Monday, May 23, 2016

Change from the bottom: community nursing in the Netherlands

Usually when we think of innovation, we assume that a small organization, even a single individual, will create something new, demonstrate it works, and then a large established organization will take it to scale. Very rarely will the innovators themselves grow to scale. In either case, the scaled-out innovation is supported by an organization with the usual management hierarchy and overhead.

Here's an example of an innovative care model and an innovative management model. Both aspects focus on what really makes a difference, understanding what is essential for the organization to nurture its people and its customers, and what is something best left undone or done by others.

This model for home health services builds on local teams of nurses who place high value on the relationships with the people they serve, favoring continuity of provider over specialized providers. It came out of nurse frustration with the fragmented care they had previously given.

Buurtzorg is a community nursing organization in the Netherlands. It started small, focused on the needs of the professional care team and the people in their community. It puts the local team in charge of the care and how they run the team to provide that care.

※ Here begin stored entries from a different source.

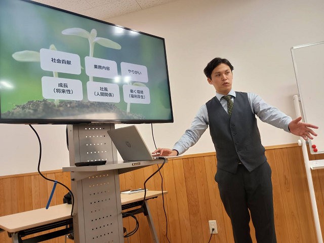 この日は、同社採用担当者から、詳細な事業内容や同社の強み、魅力などが説明されました。「からだを動かすことが好きな人、自分で考えて自ら動ける人を求めています。景気に左右されにくい安定性が強みで、個人のきちんと見ている会社です。」と学生らにメッセージが送られました。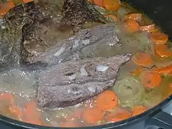 Boeuf à la mode, «carne preparada con estilo», es un platillo de carne estofada originario de la gastronomía francesa. [1] Es una forma de preparar un corte de carne de res más duro (rico en tejido conectivo y en recetas más antiguas a menudo en manteca). El plato se prepara dorando primero la carne en aceite, manteca o grasa de tocino. Algunas recetas incluyen un paso de marinado preliminar, donde la carne se marina en una combinación de vino y brandy antes de dorarse. [2]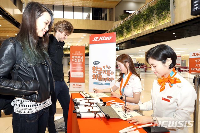 【서울=뉴시스】7일 제주항공 승무원들이 서울 강서구 김포공항 국제선 2층 카운터에서 한글날을 앞두고 외국인 여행객들에게 한글 이름을 써주는 손글씨 행사를 진행하고 있다. 2019.10.07. (사진=제주항공 제공)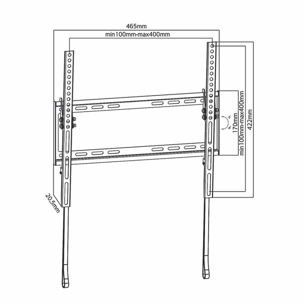 Стандарт Vesa 100x100 мм, 200x100 мм, 200x200 мм, 200x300 мм, 200x400 мм, 300x200 мм, 300x300 мм, 300x400 мм, 400x200 мм, 400x300 мм, 400x400 мм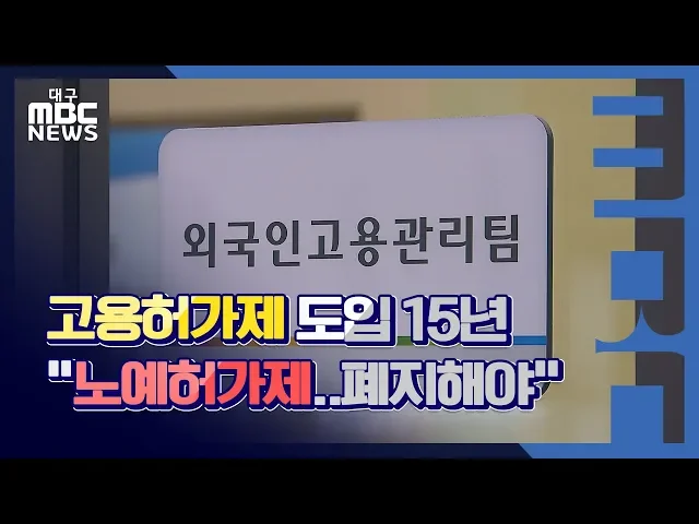 ◀ANC▶ 이주 노동자를 관리하는 제도인 고용허가제가 도입된 지 15년이 지났습니다. 합법적인 틀 안에서 외국인을 고용하자는 취지였지만 오히려 불법 체류자를 양산하고 있습니다. 윤영균 기자가 폐지하자는 목소리를 취재했습니다. ◀END▶ ◀VCR▶ 대구고용복지플러스센터 1층에 있는 외국인 고용관리팀입니다. 이주...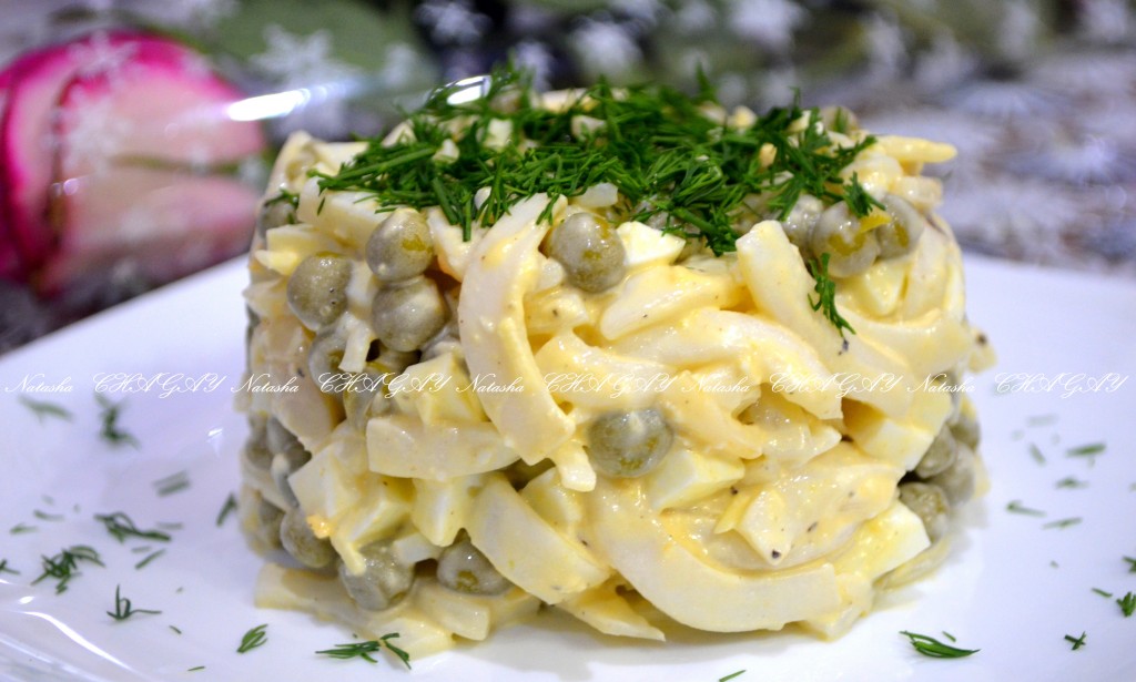 Предлагаю вам очередной рецепт салата с использованием моего любимого морепродукта - кальмара. Салат с кальмарами и зелёным горошком - вкусный, легкий и простой. Пробуйте!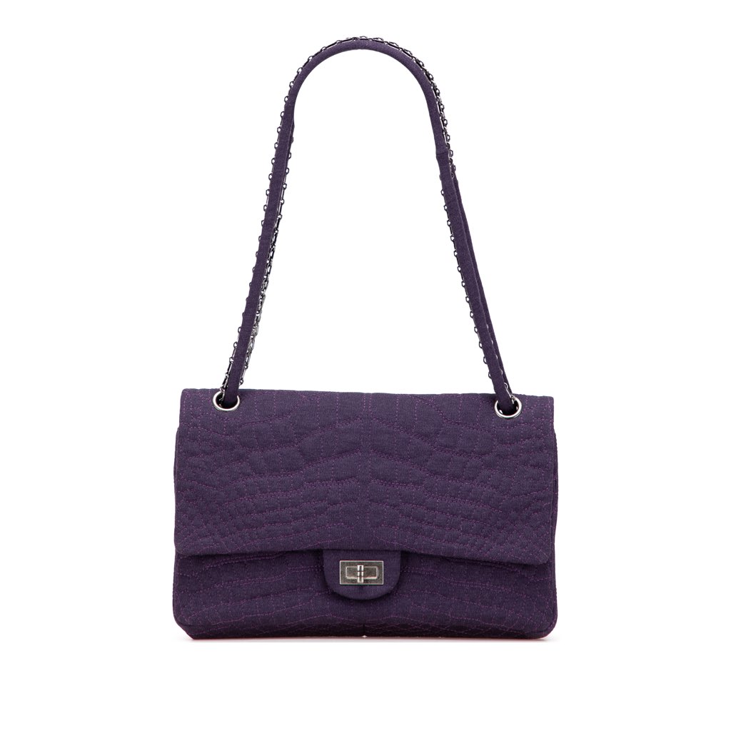This flap bag features a quilted jersey body, chain link and jersey straps, double front flaps with twist lock closure, an exterior back slip pocket, and interior slip pockets.

Buurtzorg provides high nurse satisfaction by "letting nurses be nurses", to build relationships with their patients, to be part of a small supportive team that shares the workload, to cover for each other, to build on each other's skills and knowledge, to access specialty resources as needed. A learning health system at the level of a team of ten or twelve.

A trio of remarkable outcomes were achieved.
  1. Extremely satisfied patients with excellent outcomes and reduced home care costs (40% below the expected cost). 
  2. Extremely satisfied workers. Buurtzorg was the Netherlands Employer of the Year for three years in a row.
  3. Explosive growth, from the first team of 4 nurses in 2007 to 9,000 in 2015. Buurtzorg now provides 80% of the community nursing services in the Netherlands. This has occurred with almost no corporate overhead (a central staff of 50 or so including 15 team coaches).

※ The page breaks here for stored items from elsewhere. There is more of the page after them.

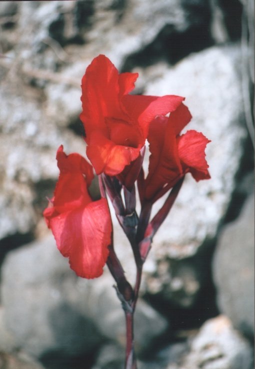 美人蕉為多年生草本,地下莖發達。夏秋開花,花放黃、紅,黃色清麗可人,紅色燦爛奪目;還有朱紅、鵝黃。小花種,開花、結果,週而復始;大花種,色樣豐富,鵝黃之中點點朱紅。蒴果外有小突,熟時三裂,種子圓黑,可作童玩材料。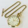 The watch measures 48mm diameter excluding the winding stem and the loop. The case is gold plated. The front is in good condition, there is some rubbing to the back of the watch.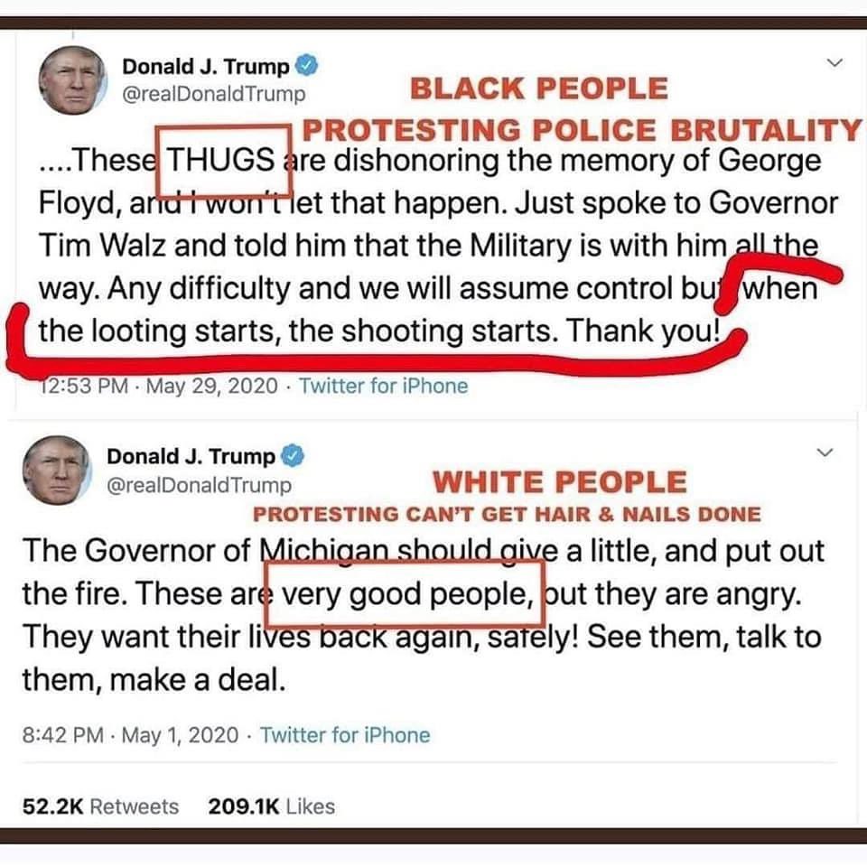 Trump has not failed to show his open hatred for black people. He did it when he called Black protestors as “THUGS” and threatened to shoot them, while he said that the white protestors with weapons whining about haircuts were “very fine people” and they “just wanted their lives back.”

There are essential, but intentionally limited, services from a central support organization. A key central service is the team's coach, who facilitates communication within the team and helps them network with other teams, but who has no decision making authority.

Buurtzorg Organizational Structure


Shared IT focuses on
  • An electronic health record
  • A social network
  • A team dashboard
There are some outsourced services, such as payroll and legal. Buurtzorg has taken to heart the guideline of keeping the services that differentiate the organization and having others do everything else.

How to build on this?

While Buurtzorg has changed the home healthcare experience and cost, the total cost of care, including all other medical services, such as physician and hospital care, on a risk-adjusted basis, were no different from the average in the Netherlands. Are similar innovations possible in other areas of health and healthcare?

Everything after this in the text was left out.